A Business Requirements Document is a structured container. The structure is largely standard; the content is project-specific. AI is excellent at generating the structure and first-pass prose for standard sections, which you then populate with the actual requirements content from your elicitation work.

Here's how AI leverage maps across a typical BRD's sections:

Executive summary
Overview of business need, project objectives, and expected outcomes. AI drafts from your project description; you adjust for political nuance and strategic framing.
High AI value
Business objectives
Structured list of measurable objectives. AI formats from your notes; you verify each objective is genuinely measurable and traceable.
High AI value
Scope and out-of-scope
AI can structure scope statements from your description — but scope boundaries are a business decision. AI suggests; you confirm with stakeholders.
Medium AI value
Stakeholder analysis
AI generates template stakeholder table from a list you provide. You populate influence/interest and add political context AI doesn't have.
Medium AI value
Functional requirements
The core of the document. AI helps with formatting and consistency but the requirements themselves must come from elicitation — not AI generation.
Low AI generation
Assumptions and constraints
AI is good at generating a comprehensive prompt list of assumption categories for you to work through — often surfaces things you would have missed.
High AI value
Risks and dependencies
AI can suggest common risks for this type of project in this domain. Flag for review — not all will be relevant, and project-specific risks require your knowledge.
Medium AI value
Glossary
AI is excellent at generating domain glossaries for insurance and Guidewire terminology. Verify technical definitions; add project-specific terms.
High AI value
Prompt — BRD executive summary and objectives
Role / context I'm a BA writing a Business Requirements Document for a Guidewire PolicyCenter implementation at Northshore Mutual Insurance, a mid-size Ontario P&C insurer. The project replaces their 20-year-old custom policy administration system for personal lines (auto and home).

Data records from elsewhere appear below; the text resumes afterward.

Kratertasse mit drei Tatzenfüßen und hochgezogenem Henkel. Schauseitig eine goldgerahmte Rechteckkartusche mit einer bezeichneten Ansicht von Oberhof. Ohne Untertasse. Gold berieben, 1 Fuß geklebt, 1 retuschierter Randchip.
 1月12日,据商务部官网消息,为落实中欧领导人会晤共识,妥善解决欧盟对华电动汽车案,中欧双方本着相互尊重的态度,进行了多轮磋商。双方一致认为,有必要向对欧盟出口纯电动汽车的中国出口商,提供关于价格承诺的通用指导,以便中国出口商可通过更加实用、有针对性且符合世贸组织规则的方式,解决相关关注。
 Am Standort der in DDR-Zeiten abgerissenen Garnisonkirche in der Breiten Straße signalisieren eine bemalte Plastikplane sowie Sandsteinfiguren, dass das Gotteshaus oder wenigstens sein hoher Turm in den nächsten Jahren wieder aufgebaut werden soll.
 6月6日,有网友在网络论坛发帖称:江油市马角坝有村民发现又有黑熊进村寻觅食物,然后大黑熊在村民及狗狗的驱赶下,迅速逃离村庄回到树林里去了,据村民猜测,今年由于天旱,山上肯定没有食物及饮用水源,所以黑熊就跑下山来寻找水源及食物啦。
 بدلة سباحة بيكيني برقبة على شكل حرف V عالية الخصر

Task Draft the Executive Summary and Business Objectives sections of the BRD. The executive summary should explain the business context, the need for change, and what the project is expected to deliver. The business objectives section should list 5–7 measurable objectives.

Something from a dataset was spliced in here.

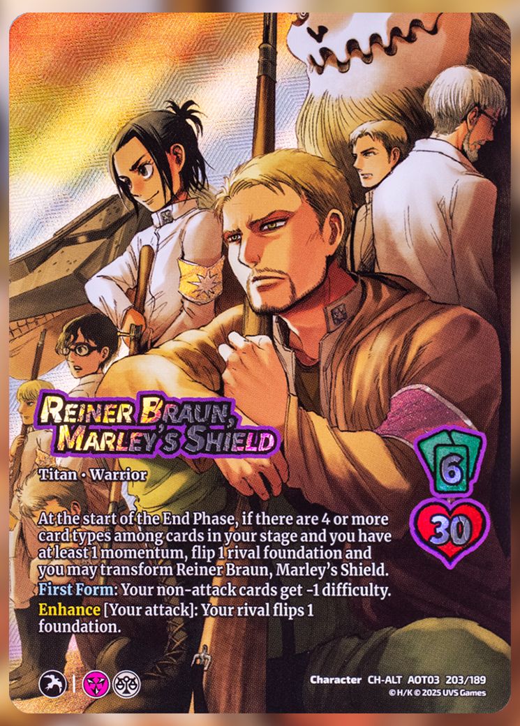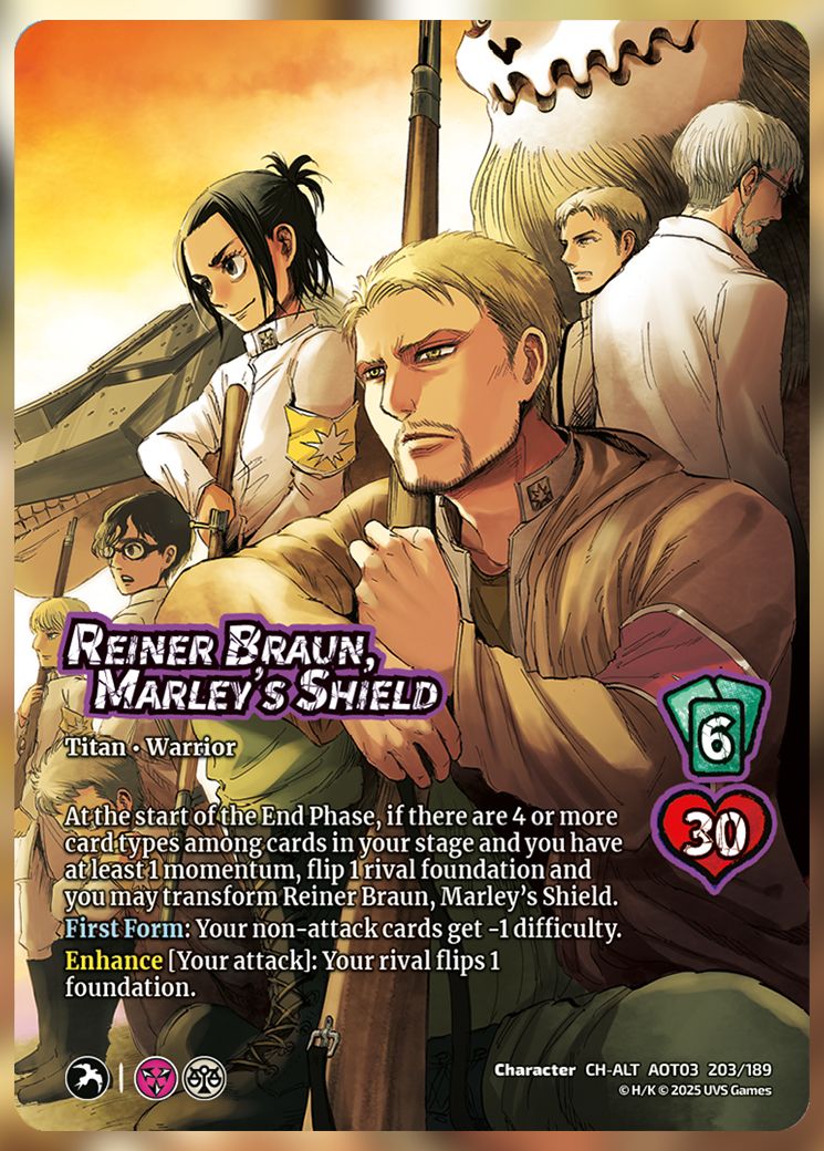 关闭 | 莱纳·布劳恩,马利之盾泰坦 – 战士 – 6 手大小 – 30 生命值 – 混乱/秩序 结束阶段开始时,自己阶段的卡牌种类有4种以上,且自己的动量在1以上时,翻转敌方1个基础,可以将莱纳·布劳恩·马利之盾变身。 第一种形式:你的非攻击卡牌难度为-1。 提高[你的攻击]:你的对手翻转1个地基。 装甲泰坦,结局泰坦 – 战士 – 6 手大小 – 30 生命值 – 混乱/秩序 你的攻击对你舞台中的每一种卡牌造成的伤害+1。 对手的攻击受到-1伤害。 回复在你的舞台上提交 1 张牌:进行一次攻击后,提交或翻转 1 个对手地基。 |

Context — project background Key drivers: the legacy system can no longer be modified cost-effectively; the insurer is losing competitive ground on time-to-market for new products; straight-through processing rates are under 30% vs industry benchmarks of 65%+; the system requires manual workarounds for regulatory reporting. Expected outcomes from discovery sessions: improved STP rates, faster product launch capability, reduced operational overhead, better data quality for analytics and regulatory reporting.

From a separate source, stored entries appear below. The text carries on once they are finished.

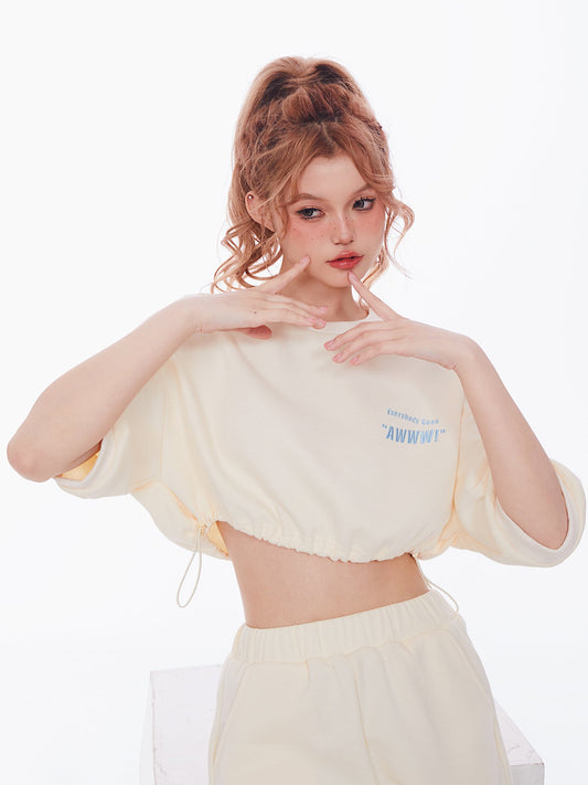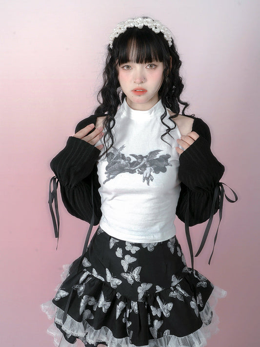 ベビーフリルフェイクカラーバタフライバブルスリーブトップス
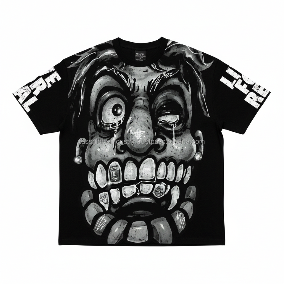 เสื้อยืดสตรีทแวร์ทรงโอเวอร์ไซส์ คุณภาพสูง เป็นมิตรกับสิ่งแวดล้อม เนื้อผ้าหนา พิมพ์ลายกราฟิกแบบสกรีน ผ้าคอตตอนหนา ตัดเย็บทรงครอป สำหรับผู้ชาย
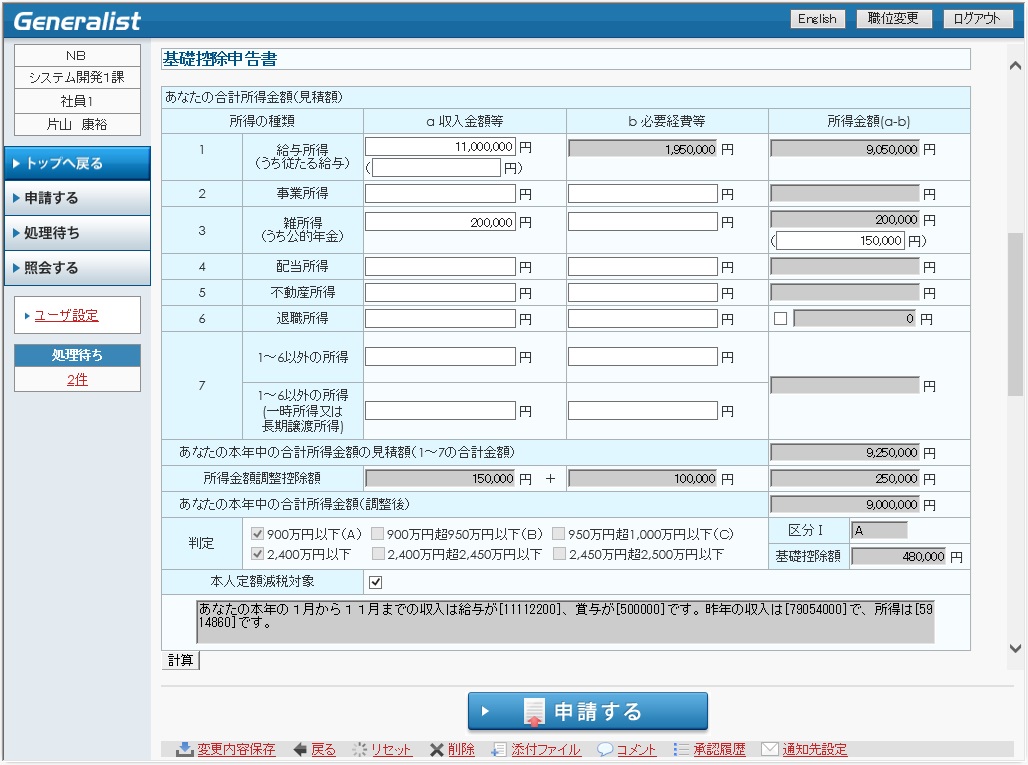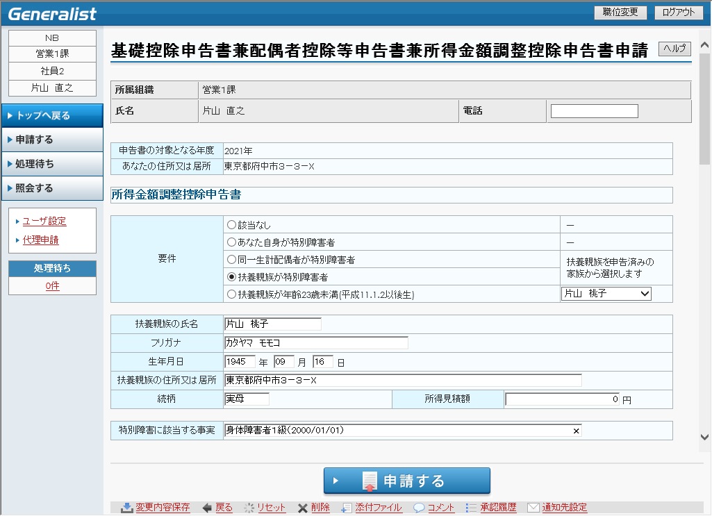 ・ 本機能での申請前に、Generalist/PRにて年末調整事前準備処理を実行し、所得金額調整控除申告書、基礎控除申告書、配偶者控除等申告書の出力に必要なテーブルをワークフローインタフェースサブシステムにて公開している場合、本機能での申請時にGeneralist/PRで作成したデータを初期表示します。
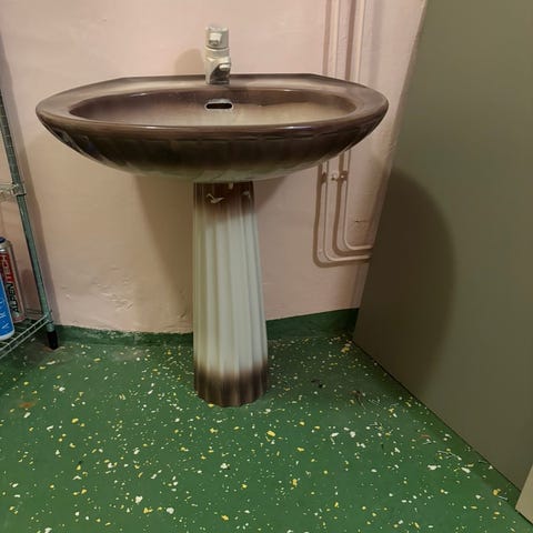 Tvättställ, pelare, avloppsrör, fästen o en slang.
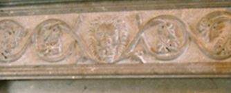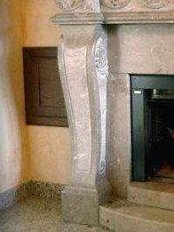 Rivestimento per caldaia su misura in pietra grigia locale scalpellata e levigata con colonne sagomate, architrave con disegno a rilievo su fondo scalpellato
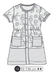 Robe manches courtes et élastiquée à la taille. Poches plaquées, boutonnée devant

Format Executive summary: 2–3 paragraphs, professional and factual, suitable for VP-level audience. Business objectives: numbered list, each objective written as a measurable outcome (include draft success metrics where possible). Flag any metric I should confirm with the business before including.
Knowledge Check
You use AI to generate the assumptions and constraints section of a BRD for a ClaimCenter implementation. The AI produces 18 assumptions covering data migration, integration, regulatory, and operational areas. What is your next step?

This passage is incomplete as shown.